Unnamed: 0,owner_id,age,gender,city_district,city_quarter,primary_breed,primary_breed_hybrid,secondary_breed,breed_type,dog_birth_year,dog_gender,dog_color
35,6321,51-60,,8.0,81.0,Mops,,,K,2011,,beige
37,6469,41-50,,11.0,111.0,Mops,,,K,2011,,beige
104,65665,61-70,,8.0,82.0,Mops,,,K,2002,,beige
105,65665,61-70,,8.0,82.0,Mops,,,K,2002,,schwarz
123,66524,51-60,,12.0,123.0,Mops,,Chihuahua,K,2013,,blue/merle


## 10) Translate colors
Still using the pug data. Use the provided data dictionary as a guide. Use this to translate each dog's color into English. For colors not in this dictionary, put `"other"`.


In [19]:
color_dict = {'beige': 'beige', 
              'schwarz': 'black', 
              'braun': 'brown', 
              'gestromt': 'brindle', 
              'beige/schwarz': 'beige/black',
              'silber': 'silver',
              'beige/weiss': 'beige/white',
              'grau': 'grey',
              'rehbraun': 'fawn brown',
              'sandfarbig': 'buff',
              'brindle': 'brindle',
              'schwarz/weiss': 'black/white',
              'braun gestromt': 'brown brindle',
              'braun/schwarz': 'brown/black',
              'hellbraun': 'light-brown',
              'blondfarben': 'blond',
              'tricolor': 'tricolor',
              'beige/braun': 'beige/brown',
              'apricot': 'apricot', 
              'weiss': 'white',
              'blue/merle': 'blue/merle',
              'creme': 'creme',
              'sable': 'sable'}

## Grande Finale

This problem is going to involve a few steps.

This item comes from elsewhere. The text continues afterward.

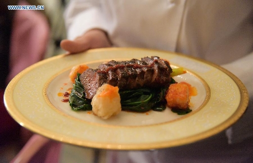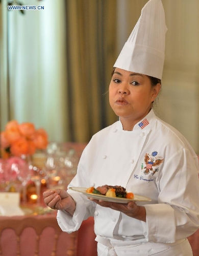 The chef displays a main course of the state dinner, butter poached Maine lobster and grilled Colorado lamb, at the White House in Washington, D.C., the United States, Sept. 24, 2015. White House chefs have created "original dishes that highlight American cuisine with nuances of Chinese flavors" for the state dinner honoring visiting Chinese President Xi Jinping, the White House said Thursday. (Xinhua/Bao Dandan)

Read carefully. Pick apart each task and solve them one at a time. **This pertains to the full dataset, no longer just pugs.**

- Create a new column, `age_mid`, which is the age of the owner. To do this, you'll calculate the average of the endpoints for the numbers in the `age` column. For example, `51-60` => `55.5`. You can do this for example by
    - creating some sort of dictionary as in the last problem (this is brute force, and requires a lot of work and is not extensible).
    - creating a function that will compute this for an individual string as input, and returns the appropriate number. While this might sound more difficult, it actually involves less work, is cleaner, and is more extensible.
- Create a new column, `dog_age`, which is the age of the dogs _at that time_. You may use the dog's year of birth and the "year" column you made in part 3 to compute this.
* Take a look at this new `dog_age` variable. Drop or clean up the ones that make no sense and are likely the result of data errors.
* Subset to only include pugs (`Mops`), shiba inus (`Shiba Inu`), any dog with  "Retriever" in its name, and any dog with "Terrier" in its name.
    - _Hint:_ Check out the `.str.contains()` method.
* Keep only breeds with more than 100 observations.
* With this data subset, compute the average human and dog age for each breed.